Inger Maria Alfvén (24 February 1940 – 26 July 2022) was a Swedish author and sociologist from Solna in Stockholm County.

Biography 
Alfvén became a sociologist in 1964 and worked as a curator.

Her books depict existential and moral conflicts such as inherited gender roles, love, lifelong friendship, and loneliness.
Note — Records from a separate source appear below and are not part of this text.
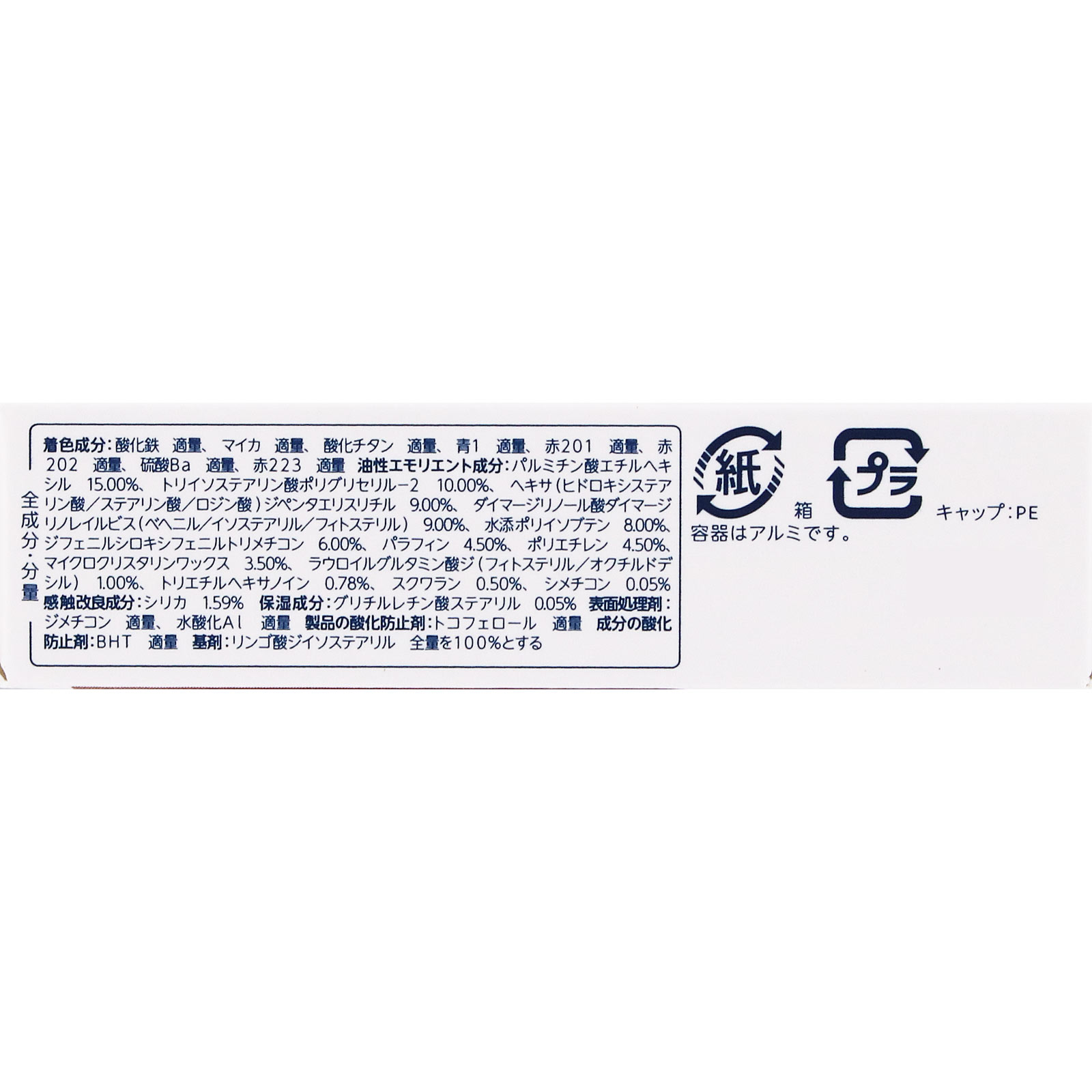 油性エモリエント成分:パルミチン酸エチルヘキシル 15.00%,トリイソステアリン酸ポリグリセリルー2 10.00%,ヘキサ(ヒドロキシステアリン酸/ステアリン酸/ロジン酸)ジペンタエリスリチル 9.00%,ダイマージリノール酸ダイマージリノレイルビス(ベヘニル/イソステアリル/フィトステリル) 9.00%,水添ポリイソブテン 8.00%,ジフェニルシロキシフェニルトリメチコン 6.00%,パラフィン 4.50%,ポリエチレン 4.50%,マイクロクリスタリンワックス 3.50%,ラウロイルグルタミン酸ジ(フィトステリル/オクチルドデシル) 1.00%,トリエチルヘキサノイン 0.78%,スクワラン 0.50%,シメチコン 0.05%
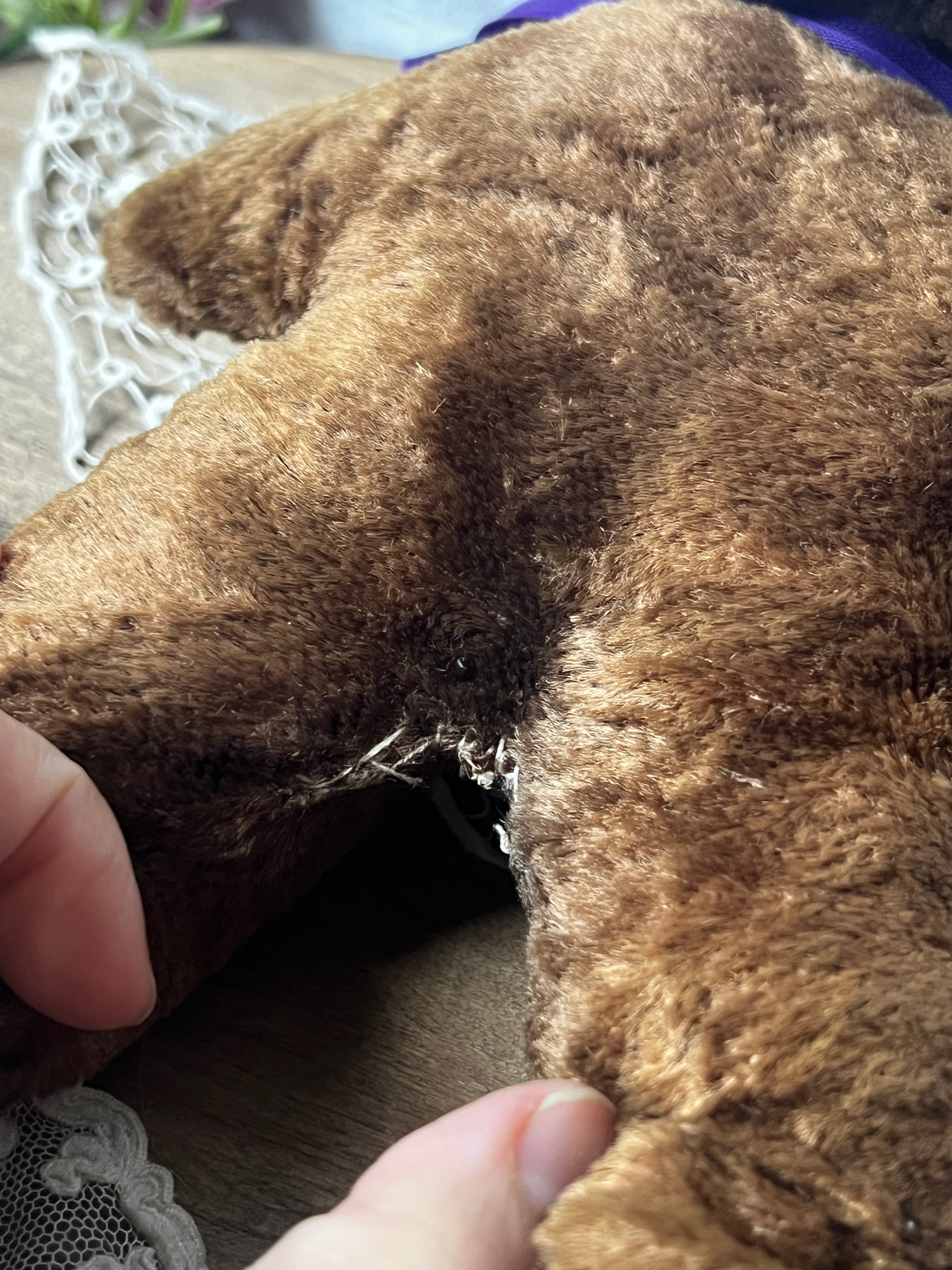 脚の付け根部分には過去の修繕痕が縫い目として残っており、背中には少し硬化した感触の部分がございます
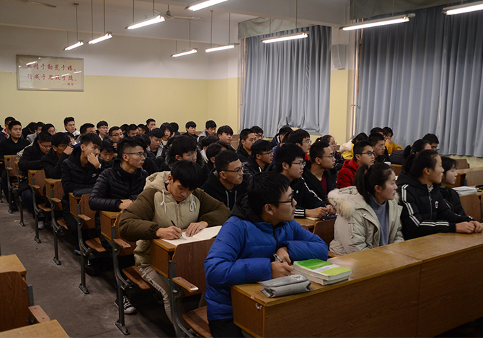 张昊从发现问题、模型的准备、模型的假设、模型的构成、模型的求解、模型的分析六方面介绍了建模的一般步骤,并说明了论文摘要的重要性。他向同学们推荐了概率模型、线性回归模型、非线性回归模型、统计模型等常用模型,并分享了SPSS、MATLAB两款常用软件。最后,张昊表示:“建模比赛的解题思路要清晰、新颖,并且建模论文要贴近于现实生活。”(文: 李峰 曹浩浩 图: 李峰)

She had her big breakthrough with the novel S/Y Glädjen in 1979.

In 2002, Alfvén made her debut as a playwright with the play The Rainbow's Root (Regnbågens rot), which is about three sisters' lives and development during the last decades of the last century. 

Her books consisted often of what moves through human consciousness.

Family 
Alfvén was married for the first time in 1962–1980 to medical licentiate Mikael von Heijne (born 1941), the second time from 1985 to 1991 to the author Lars-Olof Franzén (born 1936), and the third time from 1993 to the psychiatrist Johan Cullberg (born 1934).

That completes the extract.